Re: [PATCH v6 1/4] block: add task-context bio completion infrastructure

From: Tal Zussman

Date: Mon Jun 22 2026 - 13:05:27 EST

On 6/18/26 10:26 AM, Jan Kara wrote:
> On Mon 01-06-26 13:04:41, Jan Kara wrote:
>> On Fri 29-05-26 16:46:15, Tal Zussman wrote:
>> > On 5/27/26 9:00 AM, Christoph Hellwig wrote:
>> > > On Wed, May 27, 2026 at 11:42:28AM +0200, Jan Kara wrote:
>> > >> > I ran some experiments with fio on both XFS and a raw block device. Five
>> > >> > iterations each for 60s. Results below.
>> > >> >
>> > >> > TLDR: Removing the delay doesn't significantly decrease user-visible
>> > >> > latency or otherwise improve performance, but does significantly reduce
>> > >> > throughput and increase context switches in some workloads (e.g. C).
>> > >> > I think it makes sense to leave the delay as-is. Thoughts?
>> > >>
>> > >> Thanks for the test! One question below:
>> > >
>> > > Thanks from me as well!
>> > >
>> > >>
>> > >> > Results:
>> > >> >
>> > >> > Workloads (all `uncached=1`):
>> > >> > A: rw=write bs=128k iodepth=1 ioengine=pvsync2 # XFS
>> > >> > B: rw=write bs=128k iodepth=128 ioengine=io_uring # XFS
>> > >> > C: rw=randwrite bs=4k iodepth=32 ioengine=io_uring # XFS
>> > >> > D: rw=rw 50/50 bs=64k iodepth=32 ioengine=io_uring # XFS
>> > >> > E: rw=write bs=128k iodepth=128 ioengine=io_uring # raw /dev/nvmeXn1
>> > >> > F: rw=write bs=128k iodepth=128 numjobs=4
>> > >> > + vm.dirty_bytes=64MB, vm.dirty_background_bytes=32MB # XFS
>> > >> >
>> > >> > Mean ± stddev across 5 iterations:
>> > >> >
>> > >> > metric delay=1 delay=0 delta
>> > >> > --------------------------------------------------------------
>> > >> >
>> > >> > A seq 128k qd1
>> > >> > BW (MB/s) 4333 ± 27 4374 ± 34 +0.9%
>> > >> > p99 (us) 36.2 ± 0.8 35.8 ± 0.4 -1.1%
>> > >> > p999 (us) 3260 ± 75 3228 ± 29 -1.0%
>> > >> > ctx-switches 184 k ± 59 k 3.68 M ± 65 k +1903%
>> > >> > cs / io 0.09 ± 0.03 1.86 ± 0.03 +1888%
>> > >> > avg bios/run 80.4 ± 0.6 1.1 ± 0.0 -98.7%
>> > >>
>> > >> So 1 jiffie delay is (with default HZ=1000) 1ms.
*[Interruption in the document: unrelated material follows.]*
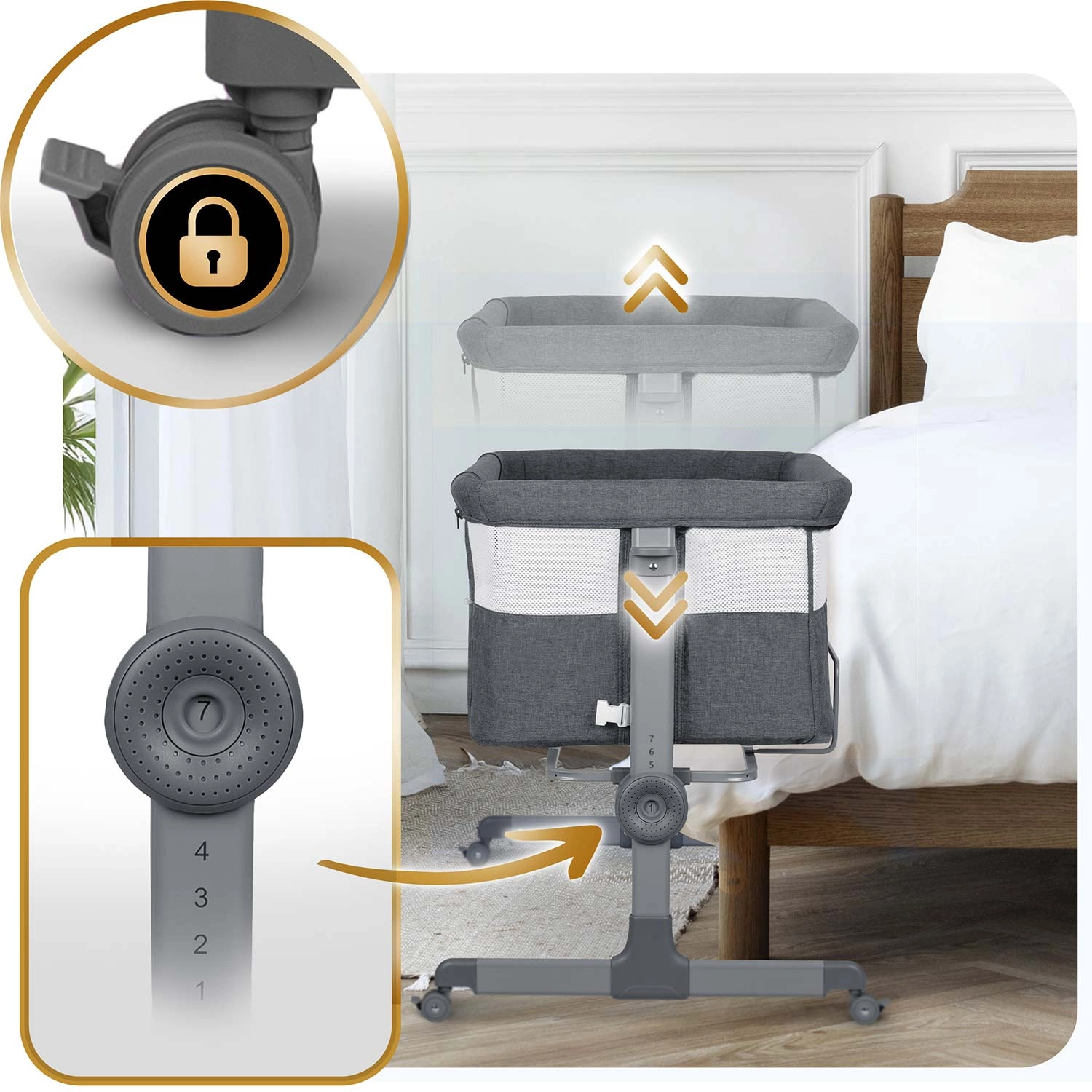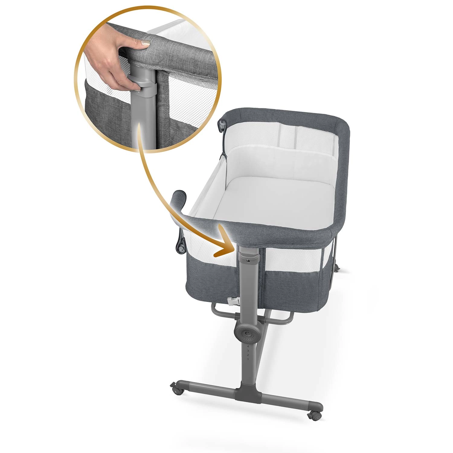 Prilagodite posteljico višini svoje vzmetnice ali ustvarite rahel naklon za udobje dojenčka. Nastavitev poteka hitro in zanesljivo z enim gibom.
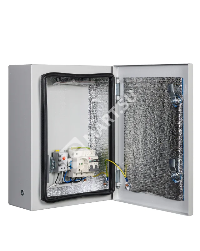 утеплитель из порилекса, замок 2 шт,ключ 1 шт, монтажная плата 1шт, гермовводы 2 шт (MG-25), розетка 1 шт, автоматический выключатель, 6А 1шт, клемма для подключения оборудования 2 шт, клемма заземления 1 шт, термореле 1шт, нагреватель мощностью 50 Вт 1шт.

That means for this load
>> > >> the completion latency should be at least 1000us but your results show p99
>> > >> latency of 36. What am I missing?
>> > >
>> > > Yes, this looks a bit odd. Unless there's multiple threads submitting
>> > > and somehow the completions get batched this should complete one
>> > > bio at a time and be the worst case for the delay scheme.
>> >
>> > Sorry, I should've clarified - the latency here is the userspace-visible
>> > I/O completion latency (i.e. fio's clat value).
>> >
>> > I ran again and traced to get the actual time from __bio_complete_in_task()
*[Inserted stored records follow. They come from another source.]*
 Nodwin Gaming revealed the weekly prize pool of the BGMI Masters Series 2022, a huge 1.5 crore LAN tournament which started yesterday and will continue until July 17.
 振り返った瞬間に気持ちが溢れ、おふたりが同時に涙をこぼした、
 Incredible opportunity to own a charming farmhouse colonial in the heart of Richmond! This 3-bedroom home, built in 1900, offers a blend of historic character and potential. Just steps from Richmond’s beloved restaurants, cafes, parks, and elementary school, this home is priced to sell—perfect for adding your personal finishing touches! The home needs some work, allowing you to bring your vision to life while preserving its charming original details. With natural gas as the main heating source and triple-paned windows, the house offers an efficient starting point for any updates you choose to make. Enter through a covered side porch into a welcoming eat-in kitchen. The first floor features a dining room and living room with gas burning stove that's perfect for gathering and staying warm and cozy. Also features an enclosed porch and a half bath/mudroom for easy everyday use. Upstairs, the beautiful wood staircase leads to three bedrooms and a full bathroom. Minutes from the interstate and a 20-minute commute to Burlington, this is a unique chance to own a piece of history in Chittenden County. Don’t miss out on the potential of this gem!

>> > to calling ->bi_end_io(). The results match the 1 jiffie delay now:
>> >
>> > metric delay=1 delay=0
>> >
>> > A seq 128k qd1
>> > fio clat p99 38us 36us
>> > bio cb p50 1.23ms 2.5us
>> > bio cb p99 4.13ms 1.44ms
>> > bio cb p999 5.01ms 2.63ms
>>
>> So I'm clearly missing something fundamental as I don't see how can fio
>> reported IO completion time be lower than the end_io callback latency...
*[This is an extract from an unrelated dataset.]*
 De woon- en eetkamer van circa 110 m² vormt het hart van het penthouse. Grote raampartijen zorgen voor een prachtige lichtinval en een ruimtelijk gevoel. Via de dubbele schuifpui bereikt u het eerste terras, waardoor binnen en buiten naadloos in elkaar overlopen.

>> Ahh, it is the strange meaning of clat in fio in combination with sync
>> engine where clat means: "how long after the syscall has returned the data
>> is ready". Which for sync engine is immediately so the clat number is
>> meaningless. I think reporting 'lat' numbers from fio would make more
>> sense but whatever.
>>
>> The bio cb latency indeed looks like what I'd roughly expect now. And
>> notice how the median latency of IO completion is 1.23ms in delay=1 case
>> and your throughput isn't abbysmal only because writes end up accumulating
>> in the page cache and writeback infrastructure ends up submitting a lot of
>> writeback IOs in parallel (you have ~80 bios to complete per run which
>> amortizes the latency to decent level).
>>
>> However if you'd have IO that were to use BIO_COMPLETE_IN_TASK
>> infrastructure which doesn't have so many IOs in flight (like direct IO
>> with lower queue depth which has to do extent conversion on completion),
>> you would very much see the latency hit on your throughput as well. In the
>> extreme case of qd=1 direct IO you'd reduce the throughput to ~4MB/s.
>>
>> Now I'm not saying the delay is bad - it is a tradeoff with clear wins in
>> CPU overhead your benchmarks are showing. I just wanted to point out
>> there's also the cost side which your benchmarks don't show very clearly.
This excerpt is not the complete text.